___ Records ___
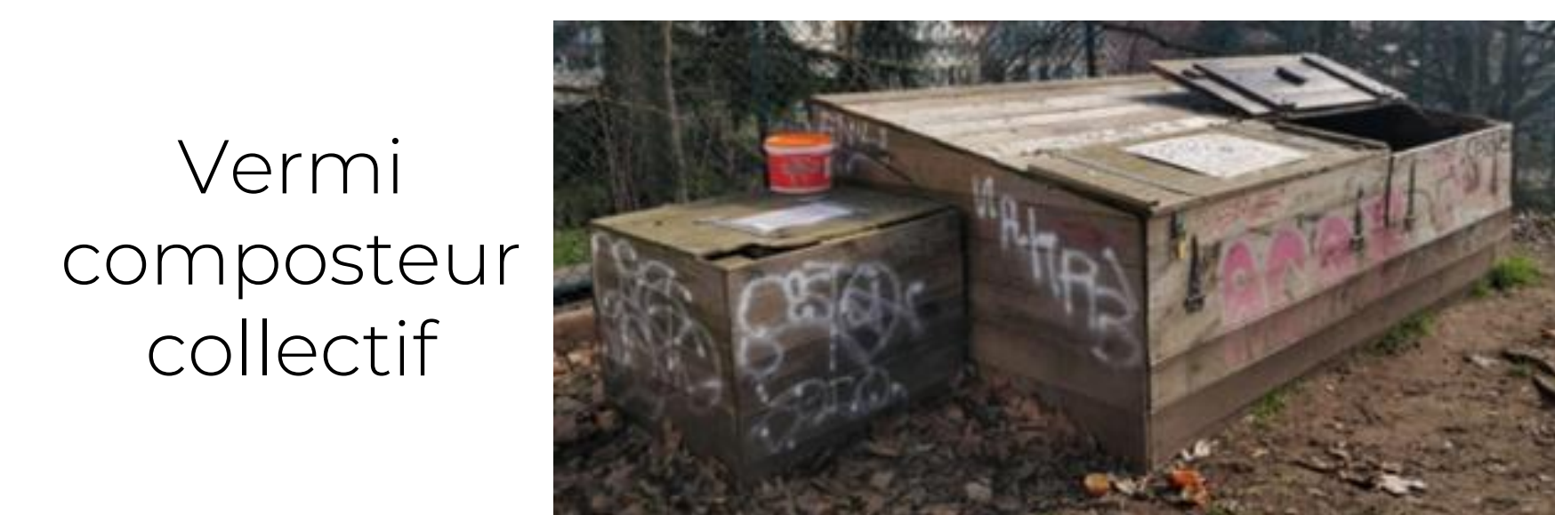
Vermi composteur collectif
___
___ Records ___
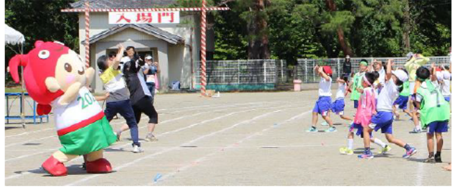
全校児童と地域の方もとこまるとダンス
___
___ Records ___
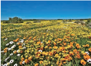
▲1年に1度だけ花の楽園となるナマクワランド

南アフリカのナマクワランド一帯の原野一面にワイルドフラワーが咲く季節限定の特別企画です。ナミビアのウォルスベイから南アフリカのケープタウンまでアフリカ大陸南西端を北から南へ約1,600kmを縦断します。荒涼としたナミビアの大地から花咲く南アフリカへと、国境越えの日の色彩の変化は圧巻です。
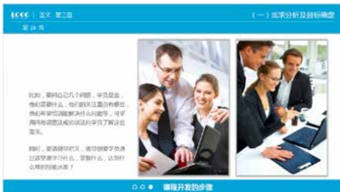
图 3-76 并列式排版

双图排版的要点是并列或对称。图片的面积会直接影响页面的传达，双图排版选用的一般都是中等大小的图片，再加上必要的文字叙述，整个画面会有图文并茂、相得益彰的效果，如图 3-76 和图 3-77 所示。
___
**What to work on**
Nothing but the lines from the one with "南アフリカのナマクワランド一" to the one with "和图 3-77 所示。" above, both included, should be transcribed, exactly and without pictures.

**Response to the task**
南アフリカのナマクワランド一帯の原野一面にワイルドフラワーが咲く季節限定の特別企画です。ナミビアのウォルスベイから南アフリカのケープタウンまでアフリカ大陸南西端を北から南へ約1,600kmを縦断します。荒涼としたナミビアの大地から花咲く南アフリカへと、国境越えの日の色彩の変化は圧巻です。
图 3-76 并列式排版

双图排版的要点是并列或对称。图片的面积会直接影响页面的传达，双图排版选用的一般都是中等大小的图片，再加上必要的文字叙述，整个画面会有图文并茂、相得益彰的效果，如图 3-76 和图 3-77 所示。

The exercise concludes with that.